Frank Stoddard appeals from a summary judgment in favor of Ray and Thelma Stoddard in an action for collection on a note. We affirm the judgment.

I. Facts

Appellees Ray and Thelma Stoddard are husband and wife. Ray Stoddard (Ray) and appellant Frank Stoddard (Frank) are brothers. This suit is based on a note signed by Frank on April 15, 1975. It was signed to consummate a settlement between the brothers resolving a dispute which had arisen out of an alleged land exchange contract made in 1969.

In early 1969, Frank became interested in purchasing a cattle ranch in Oklahoma. Frank wanted Ray to sell Ray’s ranch in Idaho and lend the proceeds to Frank to enable him to buy the new ranch. Frank contends that Ray agreed to sell the ranch and lend the proceeds to him at 8% interest. Ray denies the existence of such an agreement. Frank contends that in reliance on this alleged oral loan agreement he went ahead and purchased the Oklahoma ranch.

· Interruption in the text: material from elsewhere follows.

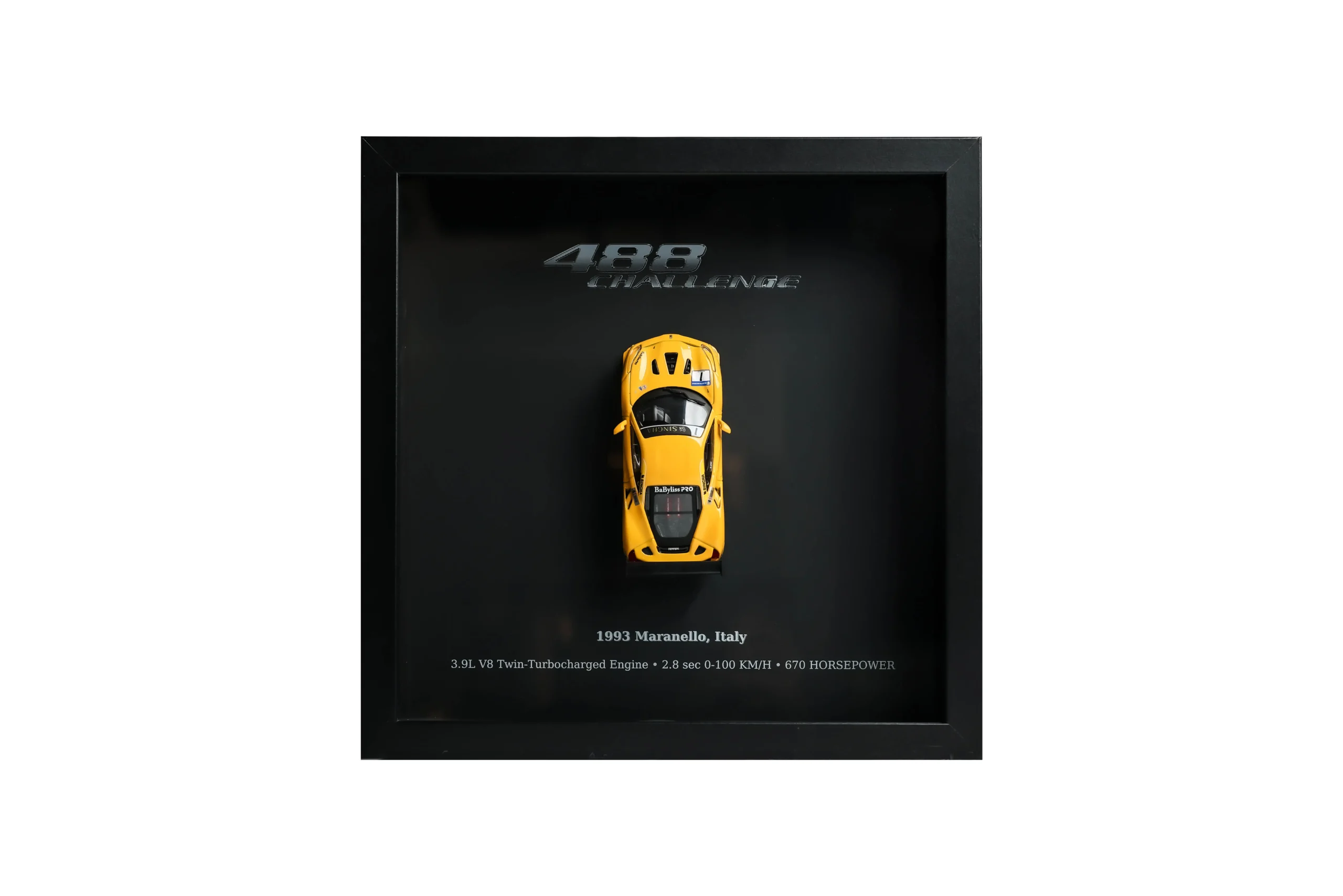 Featuring a bright yellow Ferrari 488 Challenge miniature, this framed collectible brings motorsport energy to any room. A standout for bold display setups.

In July 1969, Ray determined on advice of his accountant that a tax-free exchange of ranch property would be the best way to provide Frank with the needed funds for the Oklahoma venture without creating any tax liability for Ray. The contract provided that Ray would exchange his ranch for an undivided interest in Frank’s two Idaho ranches and home. Frank notes that his equity in these two ranches was part of the consideration for the purchase contract on the Oklahoma ranch. He maintains that Ray was aware of this before the July agreement was made.

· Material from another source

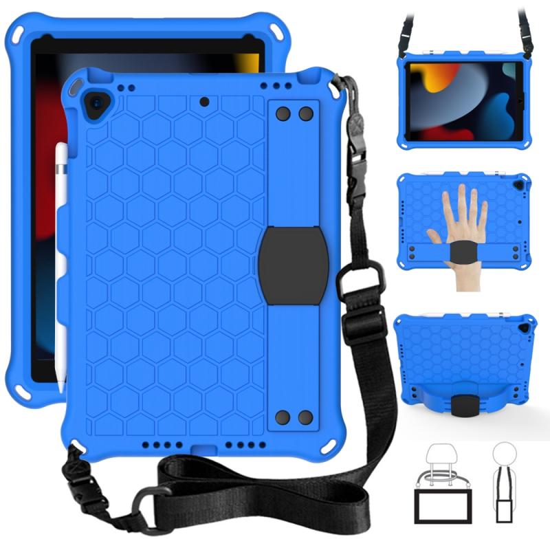 For iPad Air 2019 10.5 Honeycomb Design EVA + PC Four Corner Anti Falling Flat Protective Shell With Straps(Blue+Black)

The 1969 agreement provided that: (1) Frank would pay Ray $3,000 per year for five years (Ray states that this amount represented annual rental payments for Frank’s use of the property that now belonged partially to Ray and was equal to the annual rental that Ray had been receiving from a third person on the property exchange); and (2) at the end of five years Ray had the option to either keep his undivided interest or sell it to Frank at its appreciated value of “approximately $100,-000.”

There is a dispute as to what Ray’s ranch was worth at the time of the exchange. Ray contends that Frank told him he could sell it for $65,000 but it was eventually sold for only $60,000. In December 1969, Frank deeded an undivided three-fourths interest in his two ranches to Ray.

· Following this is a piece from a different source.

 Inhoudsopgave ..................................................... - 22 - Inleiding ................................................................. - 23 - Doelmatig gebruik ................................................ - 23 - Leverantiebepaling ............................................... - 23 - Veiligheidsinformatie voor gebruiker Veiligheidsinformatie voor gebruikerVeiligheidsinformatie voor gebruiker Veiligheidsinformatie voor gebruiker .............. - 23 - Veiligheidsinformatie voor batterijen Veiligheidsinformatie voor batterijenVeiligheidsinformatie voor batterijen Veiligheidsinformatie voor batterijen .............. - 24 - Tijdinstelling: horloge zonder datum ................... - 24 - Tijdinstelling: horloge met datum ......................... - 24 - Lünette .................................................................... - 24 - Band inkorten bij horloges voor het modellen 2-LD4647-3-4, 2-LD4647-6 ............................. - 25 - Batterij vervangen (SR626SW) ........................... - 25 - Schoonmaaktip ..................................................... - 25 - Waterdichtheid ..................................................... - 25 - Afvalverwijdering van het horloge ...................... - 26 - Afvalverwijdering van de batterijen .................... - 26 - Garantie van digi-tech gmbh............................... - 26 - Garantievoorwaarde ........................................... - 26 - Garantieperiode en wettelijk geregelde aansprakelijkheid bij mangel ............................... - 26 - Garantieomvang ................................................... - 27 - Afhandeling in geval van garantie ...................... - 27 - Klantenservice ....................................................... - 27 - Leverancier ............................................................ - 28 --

The amount of payments made by Frank to Ray is another point of dispute. By April 1975, Frank claims to have made payments totaling almost $56,000 while Ray put the figure at about $42,000.

In April 1975, to settle the dispute between the parties, Frank signed a promissory note in the sum of $60,000 at 8% interest, providing for $10,000 per year payments over the next five years with a balloon payment at the end, all with the purpose of paying off Frank’s obligation to Ray under the 1969 agreement. Frank paid Ray $8,500 towards the first annual $10,000 payment and then defaulted. Ray then brought this action to collect on the 1975 note.1 Frank counterclaimed asserting that the 1975 note was an extension of a usurious loan transaction initiated in 1969 and asked for the statutory penalties for usury under Idaho law. Both parties filed motions for summary judgment.

The district court issued a memorandum decision granting Ray’s motion for summary judgment and denying Frank’s motion.

[814]*814II. Issues

1. Was the 1969 agreement a valid exchange and repurchase agreement or was it a disguised loan providing for usurious interest?
2. Was the 1975 agreement an enforceable compromise and settlement of the 1969 agreement?
3. Was summary judgment appropriate?

III. The 1969 Agreement

Ray contends that the 1969 agreement was a valid land exchange with an option to repurchase. Frank maintains that it was a disguised loan agreement providing for usurious interest.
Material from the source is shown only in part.